1. The "Mathematical Architect" (Category Theory & Functors)

The Analogy: Imagine the Librarian's brain is a messy room where "Men" are glued to "Bosses" and "Women" are glued to "Helpers." You can't just pull them apart without breaking the furniture.

The Fix: The authors suggest using Category Theory (a branch of advanced math) to act like a Mathematical Architect.

  • Instead of just deleting words, this Architect looks at the structure of the room.
  • They use a special tool called a Functor. Think of a Functor as a universal translator that reorganizes the room.
  • It takes the messy, biased connections and maps them into a new, clean room where "Men" and "Women" are no longer glued to specific jobs.
  • The Magic: It does this without breaking the meaning of the words. "Doctor" is still a doctor, but now it's not glued to "Man." It's like taking a tangled knot of yarn and gently untying it so the yarn is straight again, rather than cutting the yarn.

2. The "Fact-Checking Intern" (Retrieval-Augmented Generation / RAG)

The Analogy: Even if you fix the Librarian's brain, they might still rely on old memories. What if they need to know about the current job market?

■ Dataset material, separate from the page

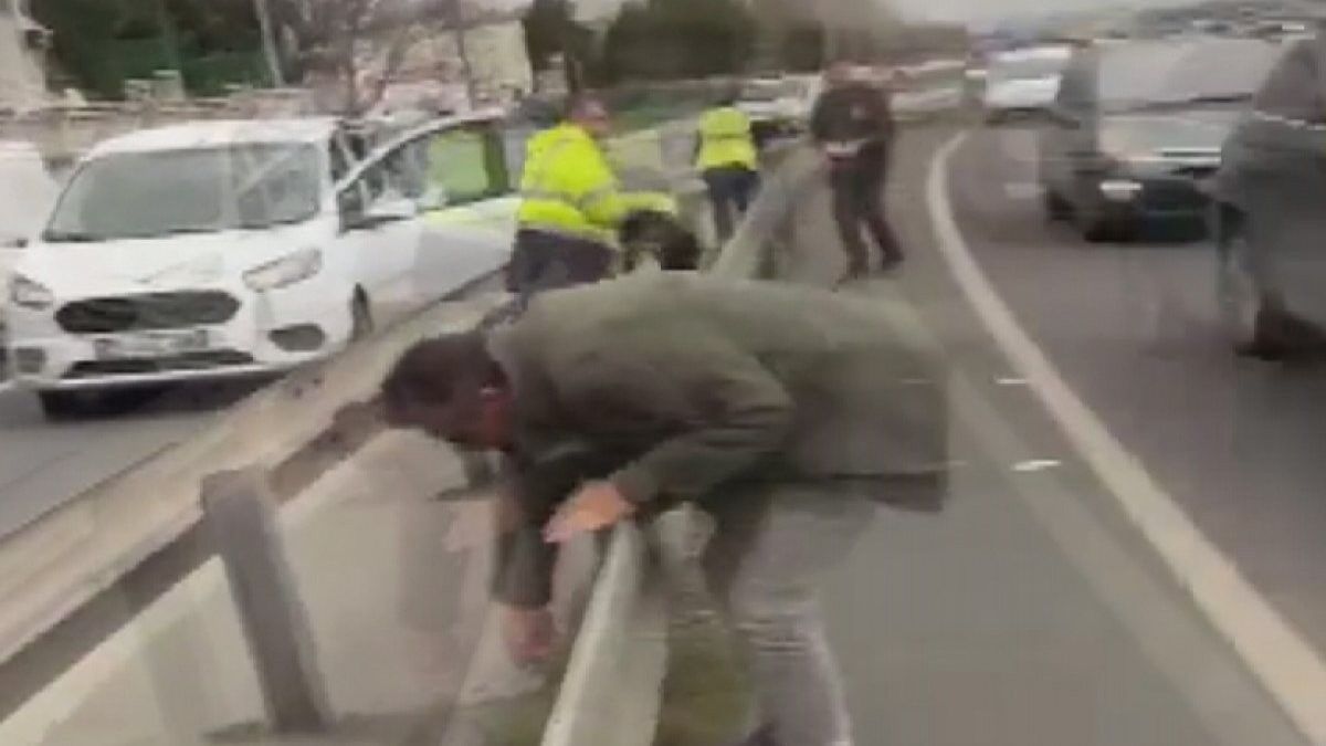 Sürücüler ve araçlardan inenler kuryeye yardım etti.

The Fix: This is where RAG comes in. Imagine the Librarian is no longer working alone. They now have a Fact-Checking Intern standing right next to them.

  • When you ask a question, the Intern doesn't just let the Librarian guess. The Intern runs to a library of fresh, up-to-date, and fair books (external knowledge).
  • The Intern finds a report saying, "Actually, 40% of nurses are men," or "People in Nepal are leading tech startups."
  • The Intern hands this note to the Librarian before they answer.
  • The Result: The Librarian is forced to answer based on the new facts the Intern brought, rather than their old, biased memories. It's like having a GPS that corrects you if you try to drive down a one-way street.

How They Work Together

The paper argues that you need both the Architect and the Intern to truly fix the problem.

  • The Architect (Functors) fixes the internal wiring. It ensures the Librarian's brain doesn't automatically think in stereotypes. It changes the "operating system."
  • The Intern (RAG) provides the fresh data. It ensures that even if the wiring isn't perfect, the Librarian has access to the truth right now.

The Combined Effect:
Imagine you ask the Librarian: "Who should I hire for a tech job in Bangladesh?"

  1. The Architect ensures the Librarian's brain doesn't immediately jump to "Laborer."
  2. The Intern pulls up a real-time report showing successful tech companies in Bangladesh and suggests "Software Developer."
  3. The Output: The Librarian gives a fair, accurate, and helpful answer.

Why This Matters

The authors say that simply trying to "clean up" the data or "filter" the answers isn't enough. We need to change the math behind how the AI thinks (the Architect) AND give it access to real-world facts (the Intern).

By combining these two, we can build AI that is not just "less biased," but fundamentally fairer, ensuring that a person's job recommendations depend on their skills, not their gender, race, or where they were born.